Пекло с его чертями и смолой, с многочисленной раскаленной начинкой переселилось на какой-то миг сюда. Когда они в конце концов добрались к величественному собору с органом и статуями, лица и руки у обоих были побиты и пекли огнем. Увидев спокойную, словно зеркало, воду, они оба метнулись к ней, словно лягушки, выброшенные на сушу, чтобы хоть немного охладить лицо. Они погружали головы в воду, но сразу же вытаскивали их назад: вода была холодная, словно лед, и еще была она соленая, более соленой, чем в соляном прииске.

Не тратя времени, хоть все у них пекло, а в груди клекотала злость, оба тронулись берегом вдоль подземного потока, имея твердое намерение догнать и захватить подростков.

Глава четырнадцатая

1

Черешары в самом деле двигались этой дорогой. Они сидели, прижавшись в плавучем резиновом трофее друг другу. Виктор впереди, за командира, с веслом в руке, за ним Ионел, дальше Мария, а потом уже Тик. В нескольких сантиметрах перед малышом, то есть между ним и Марией, было еще что-то: ценнейшее из сокровищ, которые когда-то существовали на земле, и было оно у него на груди: волшебная коробочка с ее фантастической силой. Если бы он не нашел коробочку, то от горя сошел бы с ума. Но даже имея коробочку, он не мог забыть несчастья с Цомби, и это несчастье сверлило, словно буравчик, его сердце, которое уже много раз приносило ему боль вплоть до слез. В особенности, когда он вспоминал одну мысль, которая пришла ему одним не очень далеким вечером: подергать Цомби за хвост невидимой рукой.

Но и еще один человек переживал драму во время этого плаванья в неизвестность. Драму с трудными вопросами и простыми ответами, от которых щеки вспыхивали огнем, но, к счастью, этого никто не видел, и время от времени неудержимый трепет еще больше усиливал мрак и вынуждал терпеть безжалостные мучения.

Ионел страдал не из-за того, что произошло с ним и с ними всеми в пещере, а из-за того, что произошло снаружи, в последние часы и дни, в последние месяцы. Если бы сейчас над ним светило солнце, то он смеялся и бил бы себя кулаками в грудь, кричал бы на весь мир, что он обормот и идиот… Как он хотел быть им и делал для этого разнообразнейший маневры… Быть кем? Руководителем экспедиции… Зачем?.. Для того, чтобы в затруднительную минуту его охватил страх, и он поэтому не в состоянии был снять пелену с глаз и избрать нужное решение?.. Для того, чтобы все видели и ощущали, что он… Что он? Что угодно! И прежде всего — человек, который не заслуживает быть руководителем.

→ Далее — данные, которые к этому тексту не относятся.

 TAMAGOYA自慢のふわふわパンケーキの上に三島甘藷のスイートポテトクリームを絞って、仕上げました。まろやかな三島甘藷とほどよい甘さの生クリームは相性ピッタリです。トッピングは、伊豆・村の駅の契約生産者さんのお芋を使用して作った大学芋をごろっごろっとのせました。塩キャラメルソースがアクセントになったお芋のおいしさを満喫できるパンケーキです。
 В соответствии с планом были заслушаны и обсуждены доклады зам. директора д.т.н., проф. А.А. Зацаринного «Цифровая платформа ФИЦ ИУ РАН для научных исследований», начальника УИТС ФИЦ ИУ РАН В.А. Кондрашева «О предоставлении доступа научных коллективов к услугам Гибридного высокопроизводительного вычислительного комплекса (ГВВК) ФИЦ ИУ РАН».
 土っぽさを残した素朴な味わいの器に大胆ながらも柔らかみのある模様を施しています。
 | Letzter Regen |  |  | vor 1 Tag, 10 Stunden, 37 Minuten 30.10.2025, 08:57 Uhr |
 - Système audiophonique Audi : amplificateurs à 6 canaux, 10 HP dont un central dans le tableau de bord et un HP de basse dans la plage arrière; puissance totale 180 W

Он думал, что все это игра, во время которой все будет очень легко, он будет говорить, когда вставать, когда ложиться, что есть, что одевать, где останавливаться на привал, где разжигать костер… Господи! Что за бред! Зачем нужен для этого руководитель? Это же кто угодно может сказать и сделать. И что произошло бы, если бы он им сказал? Сменился бы цвет солнца? Увеличилась бы земля? Он стал бы выше, или хоть на йоту изменилась бы мнение Марии о нем?..

Только из любви командовать он погряз в интригах, нагромоздил столько вранья, обманывал Тика!.. Как хорошо он понимал сейчас, что он не тот, кто лучше всего подходит на роль руководителя экспедиции. При трудностях он не может быть уравновешенным. Его охватывает страх, от страха он начинает говорить и делать ерунду. Но самое страшное, что тогда, под нажимом страха, он считает, что право на правду — только у него.

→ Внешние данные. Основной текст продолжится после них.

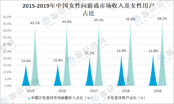 近年來中國女性游戲用戶占比逐年攀升,2019年中國女性游戲用戶占比達46.2%,較2018年增長了0.4%,而女性游戲市場銷售收入占比達22.8%。
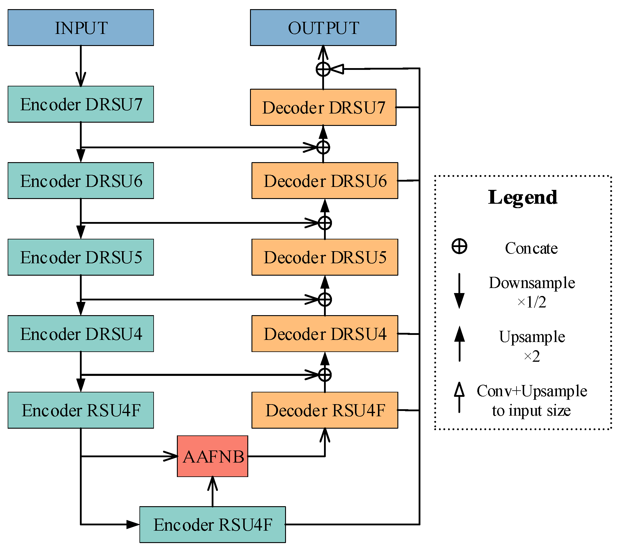 2-Net. This module aims to enhance the feature extraction and fusion capabilities of the original module. The DRSU comprises two serially connected RSU modules with skip connections added between them. The SOD model was modified into a segmentation model to generate binary predictions. To incorporate global information into feature maps, a new block termed Atrous Asymmetric Fusion Non-Local Block (AAFNB) is introduced. This block enhances the sampling method of ANN via atrous convolution and introduces a novel multi-scale fusion attention structure. The AAFNB block is placed between the encoder and decoder, where it fuses the global information of high-level feature maps.
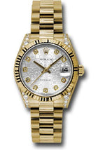 Rolex Yellow Gold Datejust 31 Watch - Fluted Bezel - Silver Jubilee Diamond Dial - President Bracelet - 178238 sjdp
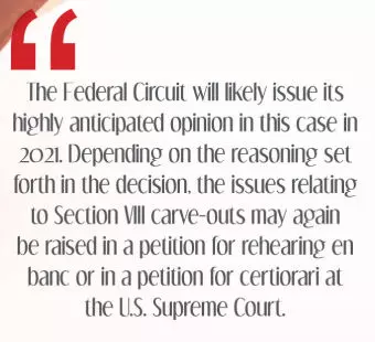 The Federal Circuit will likely issue its highly-anticipated opinion in this case in 2021. Depending on the reasoning set forth in the decision, the issues relating to Section viii carve-outs may again be raised in a petition for rehearing en banc or in a petition for certiorari at the U.S. Supreme Court. One thing is clear: both branded and generic drug companies have a vested interest in the outcome of GSK v. Teva.
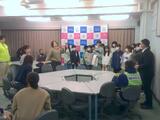 朝集まってくださった各ボランティアの代表の皆さんに、6年生がご挨拶。襷やプログラムを渡して会場にご案内します。

Вот куда может завести страх!.. Пот горошинами скатывался у Ионела по лбу, щеки пылали огнем, он говорил себе мысленно трудные слова: что такой руководитель, как он, похож на лягушку, на ту лягушку, которая надулась без меры и даже не представляла себе, что вот-вот лопнет… Так и должно быть, закончил свою мысль Ионел: тот, кто хочет руководить, должен быть решительным, даже тогда, когда тяжело, когда очень трудно, он должен быть готов первым подать пример. Не говорить, протирая сонные глаза: вставайте, так как уже пора… а сесть на плот и первым перейти через ад…

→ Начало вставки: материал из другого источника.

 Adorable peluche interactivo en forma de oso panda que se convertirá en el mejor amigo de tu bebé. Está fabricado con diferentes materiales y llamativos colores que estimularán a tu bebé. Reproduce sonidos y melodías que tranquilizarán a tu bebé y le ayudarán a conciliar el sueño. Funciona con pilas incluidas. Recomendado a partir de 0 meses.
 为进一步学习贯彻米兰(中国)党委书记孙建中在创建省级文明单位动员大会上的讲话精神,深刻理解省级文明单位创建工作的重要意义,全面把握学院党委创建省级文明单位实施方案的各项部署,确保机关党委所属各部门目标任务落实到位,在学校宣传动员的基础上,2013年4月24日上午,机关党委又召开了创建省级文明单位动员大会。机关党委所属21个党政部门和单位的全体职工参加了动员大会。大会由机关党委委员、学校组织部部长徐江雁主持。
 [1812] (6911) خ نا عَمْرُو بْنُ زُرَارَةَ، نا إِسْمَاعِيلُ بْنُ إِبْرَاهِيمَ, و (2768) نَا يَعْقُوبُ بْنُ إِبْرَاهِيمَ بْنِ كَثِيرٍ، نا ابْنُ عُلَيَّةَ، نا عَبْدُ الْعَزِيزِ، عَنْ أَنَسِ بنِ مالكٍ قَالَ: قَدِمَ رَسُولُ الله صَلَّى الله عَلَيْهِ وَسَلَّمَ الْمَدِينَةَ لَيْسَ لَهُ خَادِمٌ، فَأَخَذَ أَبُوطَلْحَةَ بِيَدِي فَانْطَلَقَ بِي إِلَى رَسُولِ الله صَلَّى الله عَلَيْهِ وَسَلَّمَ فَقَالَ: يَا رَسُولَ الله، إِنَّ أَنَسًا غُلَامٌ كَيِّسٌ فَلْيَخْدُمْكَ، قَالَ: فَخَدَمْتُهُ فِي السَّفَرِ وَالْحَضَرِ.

Но думал бы он так, если бы не пережил тех трудных моментов?.. «Это очень хорошо все, что произошло сейчас, — сказал сам себе Ионел со слезами в уголках глаз, — и в особенности то, что произошло со мной, но мне так стыдно за все, что я никогда и никому не скажу ни слова о своих переживаниях…»

Мария жила в своем мире, она мечтала о нем и даже не представляла себе, что может быть иначе. А произошло все иначе, и она до сих пор находилась в неизвестном другим мире — с замками и фантастическими соборами, с органами и колоннадами, куполами, известняковыми кольями и голубыми светильниками, в которые она вглядывалась и испытывала удивление, что такая красивая. Иногда она дергала себя за кончик косы, чтобы убедиться, что она не спит, что это не сновидения — ни медленное плавание, ни мрамор и известняковые сюрпризы, для которых, может, довольно обычного луча света, чтобы они открылись живому взгляду. Мария чувствовала себя такой богатой, словно она была повелительницей всего богатства этого невидимого мира, который предоставлял столько впечатлений — ледяных и мраморных воспоминаний. Ах, если бы появлялись то там, то сям серебряные канделябры с бледным светом, если бы пепельная лодка превратилась в белый ялик, а она откинула бы голову назад, а косы ее касались воды, и если бы где-то, на краю мрака, ее ждало озеро с волнами и ласковой зыбью, и в особенности — солнце, солнце, много солнца, валуны, дождь и солнечный воздух… Мария встрепенулась, но еще не могла привыкнуть к реальности, так как хотела еще побыть в мечте, которая ей снилась столько сотен ночей и которые…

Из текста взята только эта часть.